Books + Learning = Fun?
Akasha on Oct 23rd 2006
This is an unusual day for me - instead of going elsewhere today the first thing I opened up in my browser was this page. I feel like updating this website, by gum! Well, it’s not like I haven’t been continually updating the website, actually. I’m almost a Nazi when it comes to my book list. Ever since I started that project I’ve been really conscious of the amount of books I read and the quality of the books I read. I think I have great taste in literature, much like I think I have great taste in music. However, everything is subjective when it comes to personal taste so others who look at my list and see nothing from say 19th century Industrialist England (well, there’s Dracula) would think I have a real shitty taste in books.
In any event, regardless of what you think of my tastes, I quite enjoy my little list. It’s certainly not definitive but it’s got most of what I’ve read in the past year or so. I wish it were longer but it wasn’t until recently that I paid off my library fines and began taking books out again. Beforehand, I was so sure that I had a $40 fine that I just continued to buy books. I rationalized the spending by explaining to anyone who questioned it that I was building my own library, thank you very much.
Onto more interesting topics, though. I had a lecture today in my African Diaspora class that I rather enjoyed despite the fact that we did not write any notes down.

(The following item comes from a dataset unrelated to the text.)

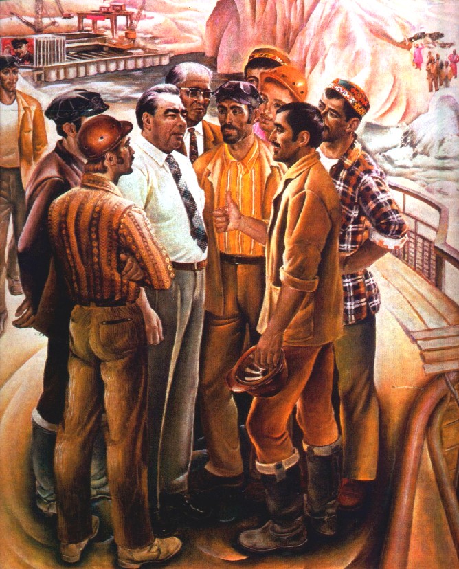 Г. Яралова, М. Абдурахманов. Л.И. Брежнев у строителей Нурекской ГЭС.

I wasn’t excited about going to the class because it’s the only one I have on Monday’s and the entire class takes a grand total of an hour whereas the commute is somewhere in the region of two to two and a half hours.
Despite my hesitance to go, I’m still glad I went cause I really like this professor. I’ve talked to other people in the class and they’re not thrilled by his lecturing style which is comprised of overheads (Oh God, the dreaded overheads!) and free-style lecturing. Tangents abound but I still enjoy it. Most often the tangents are still within the frame of the lecture anyway and every so often he gives us a glimpse into his past life.
I don’t often admit this but I’m intensely fascinated by Americans. Not just American bigheads, the ones we all know, but ordinary people in general. I like their accents and I like hearing their stories from their childhood in Missouri or California or Michigan or wherever because I’ve grown up with these ideas about Americans - everything’s larger than life, a melting pot of an American Dream where people are rude and ambitious and sometimes even downtrodden. It’s all a mishmash in my mind and when I get to meet actual Americans I just drink in whatever they have to say. Perhaps when I one day visit the US of A I’ll stop being so googly-eyed but until then, whatever. I like hearing stories from Newfoundland, too, so it’s not just one country. Heck, it doesn’t even matter where you’re from. If it’s not Hamilton, Ontario, I’ll totally listen to your life story, pal.
I wish I could sit down with him and listen to his lifestory cause every time he gives us a glimpse into it I want him to stop lecturing and tell me more.